(Source data)
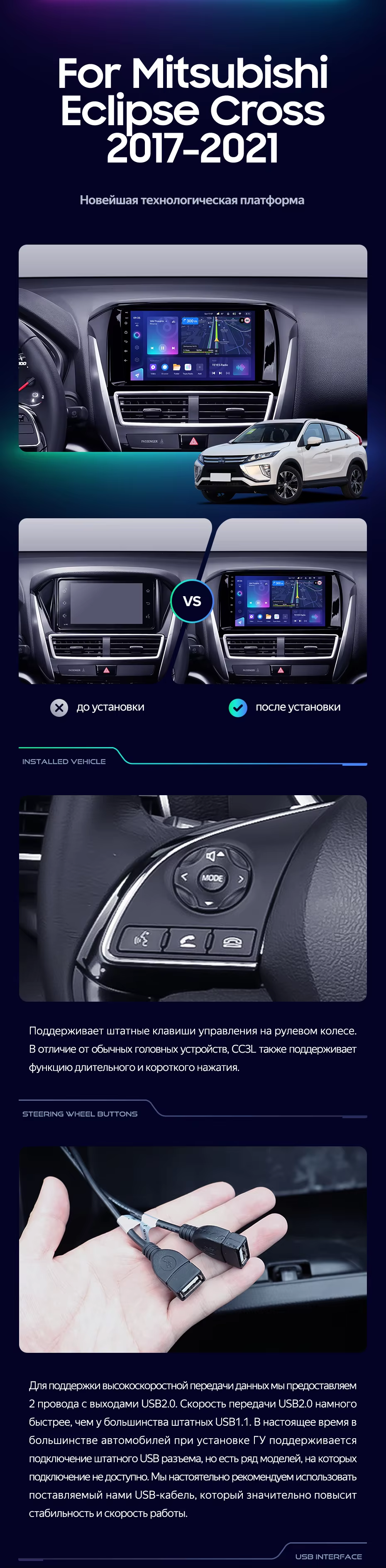 Штатная магнитола Teyes CC3L 4/32 Mitsubishi Eclipse Cross 1 (2017-2021) F1 - купить всего за 29 140 руб. в интернет-магазине в Петрозаводске Teyes.com.ru. ✓ Самый лучший выбор мультимедиа ✓ Лучшая замена штатному ГУ ✓ Тел. +7 (800) 775-31-74
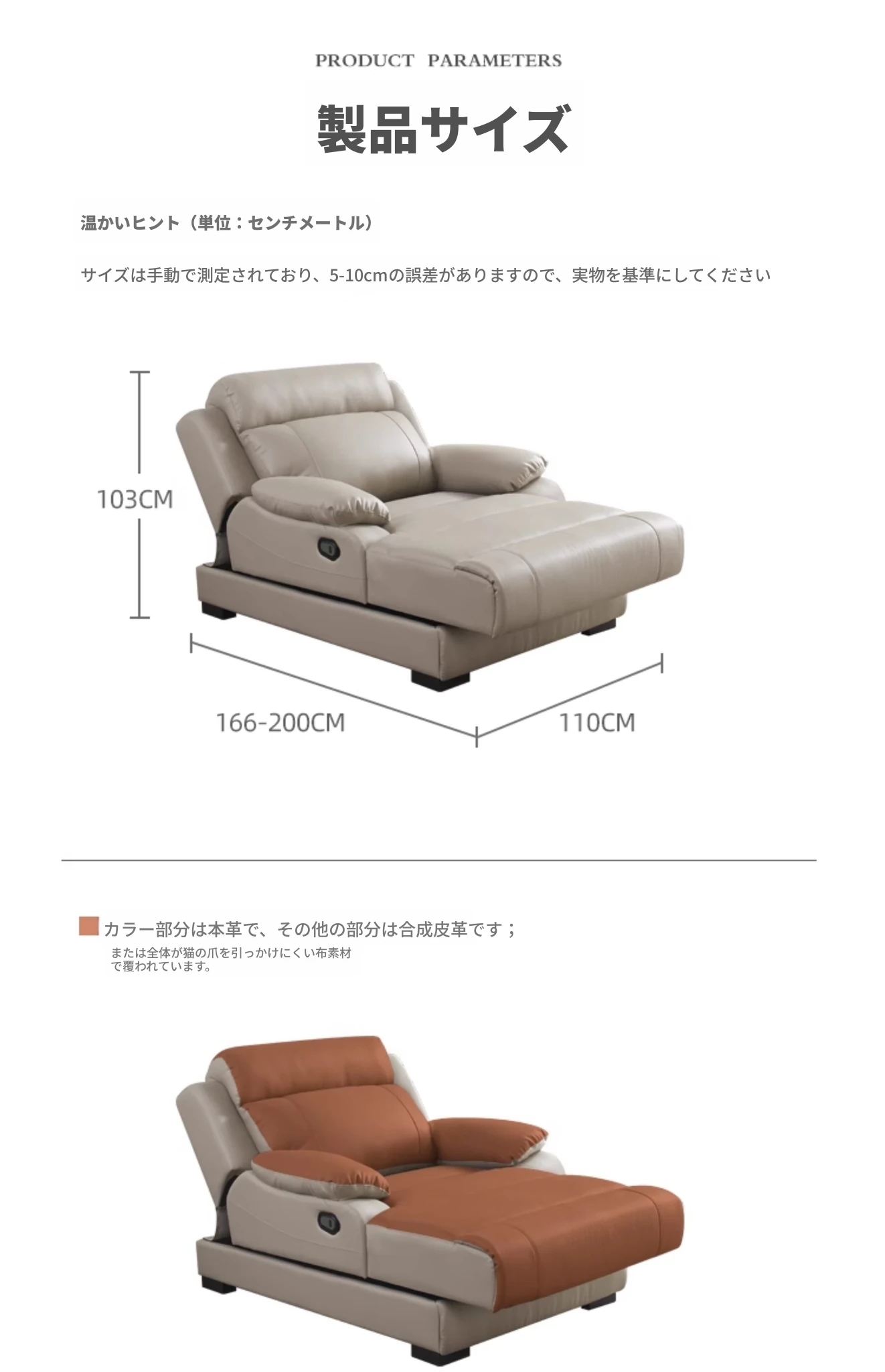 【イタリアンレザー】電動ダブルアームレストのカウチ
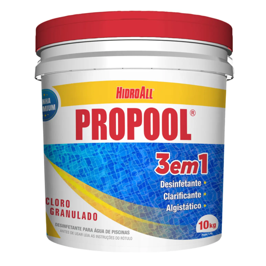 O Cloro Granulado Estabilizado 3 em 1 Hidroall Propool 10kg oferece um tratamento prático para manter a piscina sempre bem cuidada, reunindo ação desinfetante (bactericida), algistática e clarificante em um único produto. Sua fórmula com estabilizador UV ajuda a prolongar a ação do cloro sob o sol, contribuindo para uma rotina de manutenção mais eficiente e econômica.
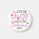 Add a personal touch to your locker with this personalized just a girl who loves badminton magnet. Featuring a vibrant pink design with space for a name, it is a wonderful badminton gift for girls. This shuttlecock player magnet is perfect for holding up match schedules and team photos with a girly sports aesthetic.
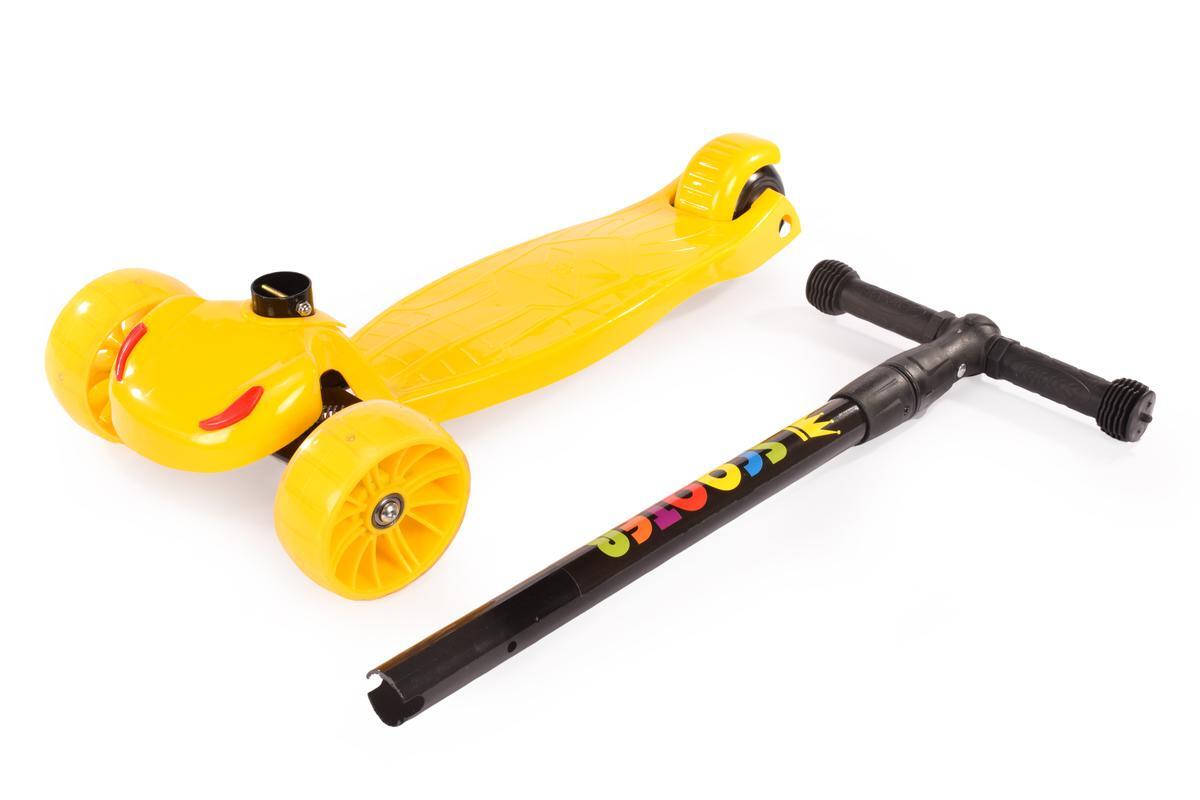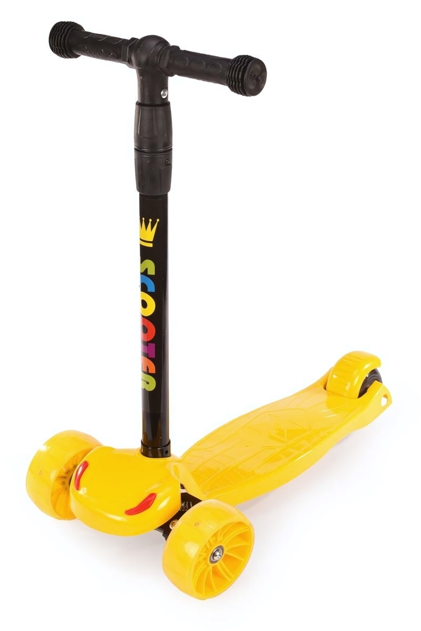 Самокат детский 3-колесный Toymix, желтый, свет+звук, регулируемая высота руля до 82 см
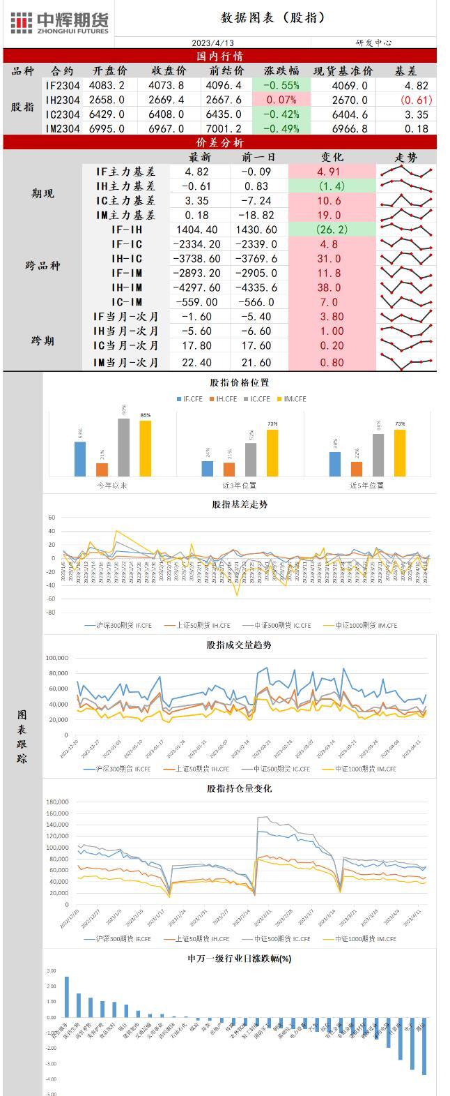标题:中辉期货股指日报20230413:资金分歧加大,指数集体调整
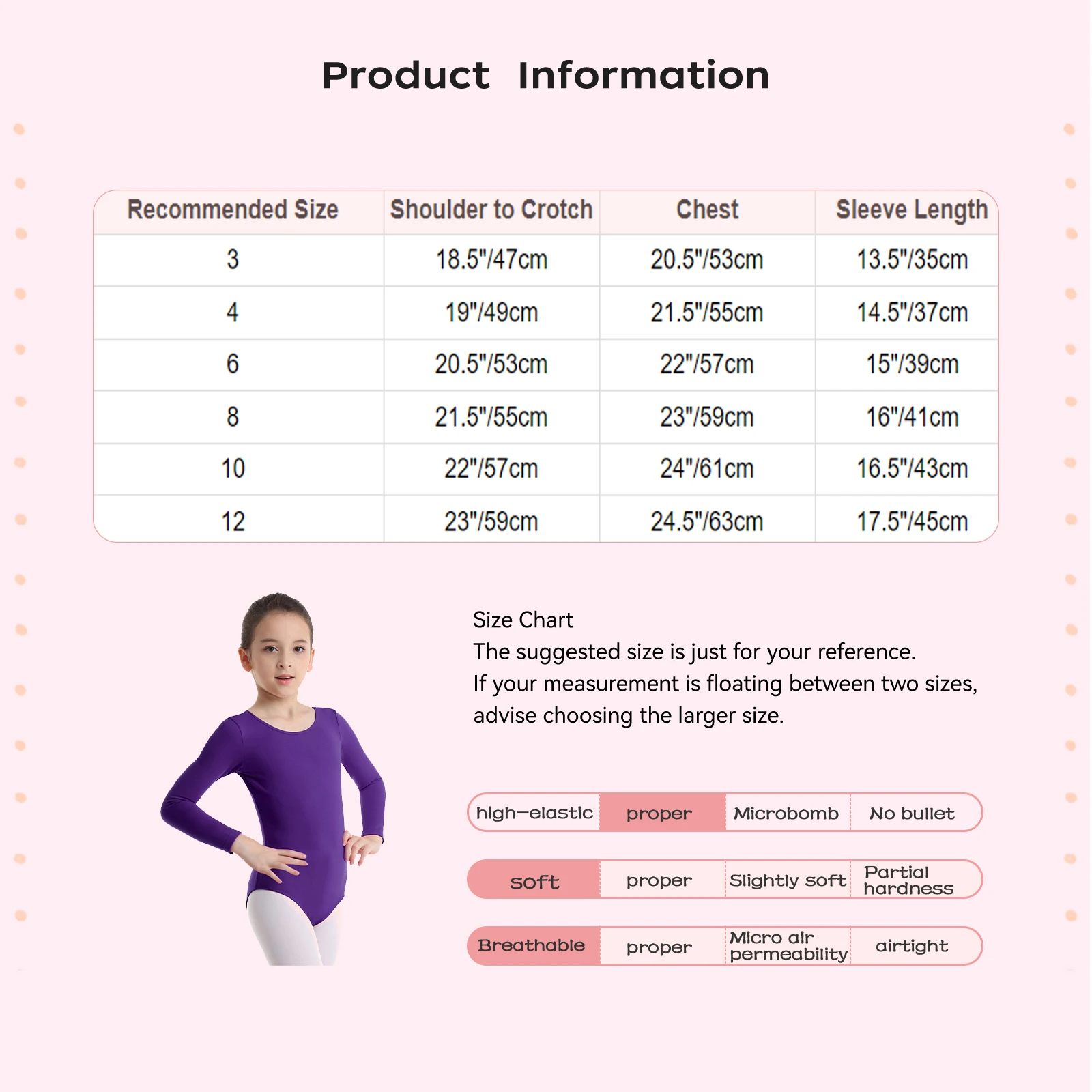 Girls Gymnastic Ballet Jersey Leotard Costume Long Sleeve Solid Color Dance Leotard Bodysuit Ballet Dancer Leotard Bodysuit
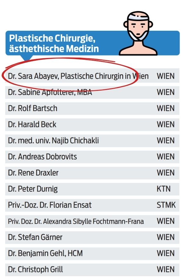 Es erfüllt mich mit großer Freude und auch mit Demut, als einer der beliebtesten plastischen Chirurgen in Wien ausgezeichnet worden zu sein, verliehen vom Kurier.
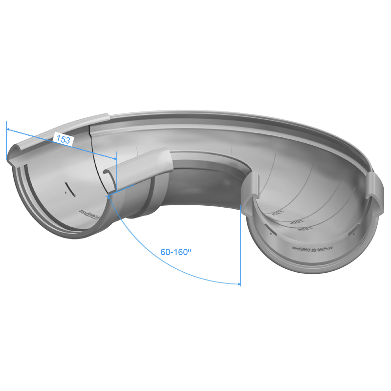 Угол желоба регулируемый 60° – 160° Docke LUX D141 Графит RAL7024
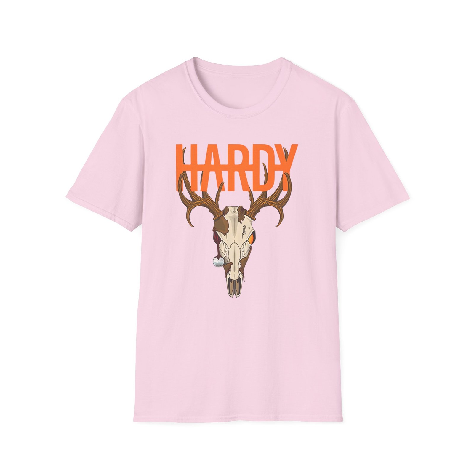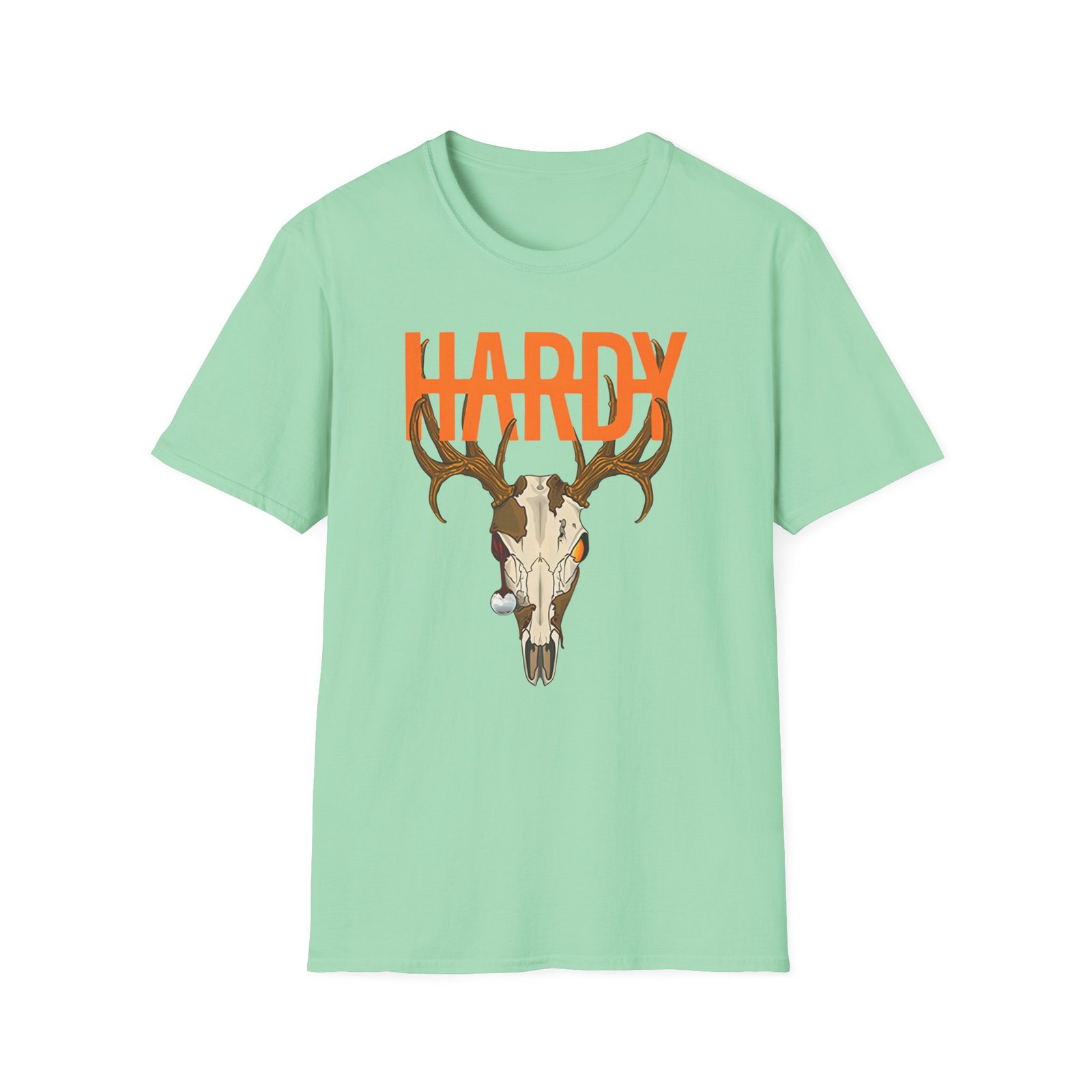 The Hardy Deer Skull unisex soft-style t-shirt puts a new spin on casual comfort. Made from very soft materials, this tee is 100% cotton for solid colors. Heather colors and sports grey include polyester. The shoulders have twill tape for improved durability. There are no side seams. The collar is made with ribbed knitting to prevent curling damage.
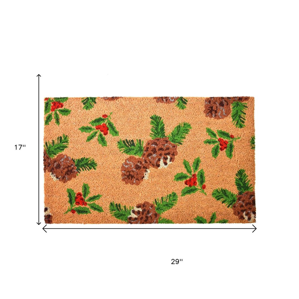 17" X 29" Brown Red And Green Christmas Outdoor Coir Door Mat
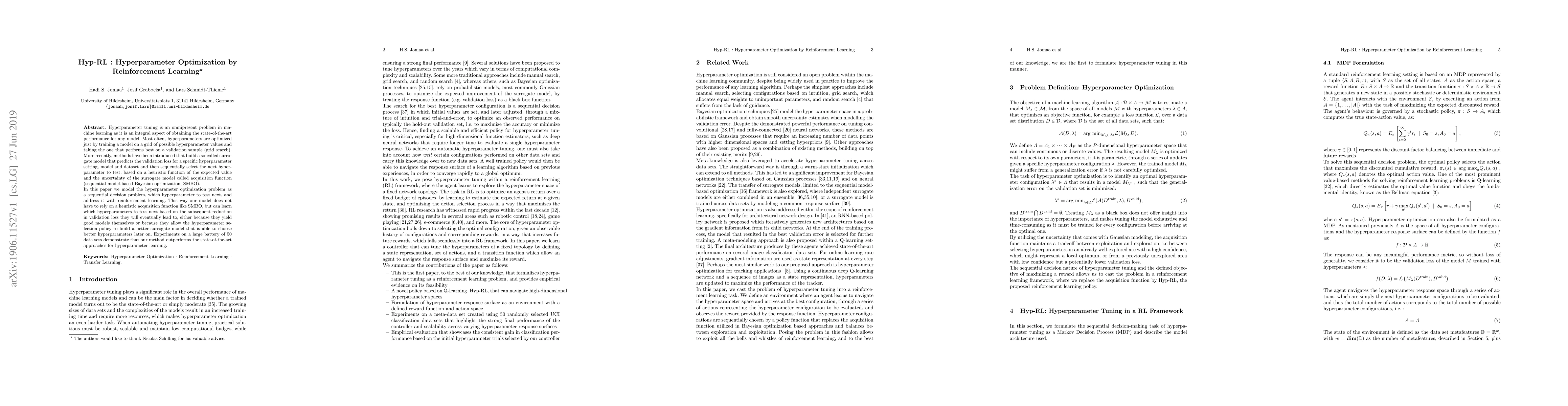 This paper proposes Hyp-RL, a reinforcement learning approach for hyperparameter optimization that models the problem as a sequential decision process. Unlike traditional methods, it learns the best hyperparameters to test next based on validation loss reduction, outperforming state-of-the-art methods on a diverse set of 50 datasets.
(End Source data)
* _The problem_
Pictures are to be left out; the answer must otherwise be exactly the lines from the one with "Coir Door Mat" through the final line of the entries above, both included.

* _Exercise solution_
 17" X 29" Brown Red And Green Christmas Outdoor Coir Door Mat
 This paper proposes Hyp-RL, a reinforcement learning approach for hyperparameter optimization that models the problem as a sequential decision process. Unlike traditional methods, it learns the best hyperparameters to test next based on validation loss reduction, outperforming state-of-the-art methods on a diverse set of 50 datasets.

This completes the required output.